Originally Posted by 260Remguy
To get back on track, the criteria are as follows:

1. 3 rifles that have the same type of action in .22LR, 223, and 6.5 Creedmoor.
2. 3 rifles that are approximately the same size, weight and length, and as close to the same physical specs as possible and still fall within the budget.
3. 3 scopes that are the same make/model/magnification.
4. The primary components, the rifles and the scopes, must be new and readily available over the counter.
5. The budget ceiling is a hard $1,800.

The point of buying a .22 rifle with the same weight and action style as the coyote and deer hunting rifles is so that the boy can fire a thousand or more rounds of inexpensive bulk pack .22 LR at paper targets before he shoots either of the centerfire rifles and will be used to the weight, length, safety location, etc.

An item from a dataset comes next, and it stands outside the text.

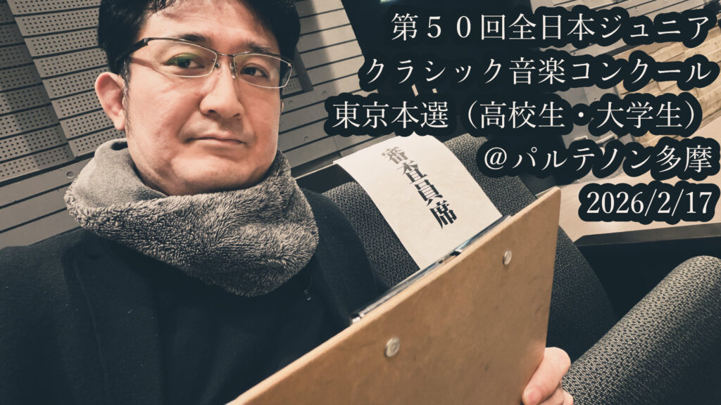 2026年2月17日、パルテノン多摩にて、第50回全日本ジュニアクラシック音楽コンクール東京本選の審査を務めました。今回は、高校生・大学生の皆さんの演奏を聴かせていただきました!

I am not a big fan of the Ruger American rifles but in this case they would serve the purpose. It would take some careful shopping but he should be able to get into the three rifles for less than $1200.00 for all three, that leaves $600 for three scopes, which is doable - I was in a gun shop the other day that had the Leupold Freedom 3x9 for $179.00 but even full retail on the is only $199.00 so even at retail he could slide in just under budget. That would set him up with three nearly identical rifles and scopes.

Speaking of the Leupold Freedom scope - they define UGLY. I have to wonder what Leupold was thinking when they came up with that abortion of turret housing design.

drover


223 Rem, my favorite cartridge - you can't argue with truckloads of dead PD's and gophers.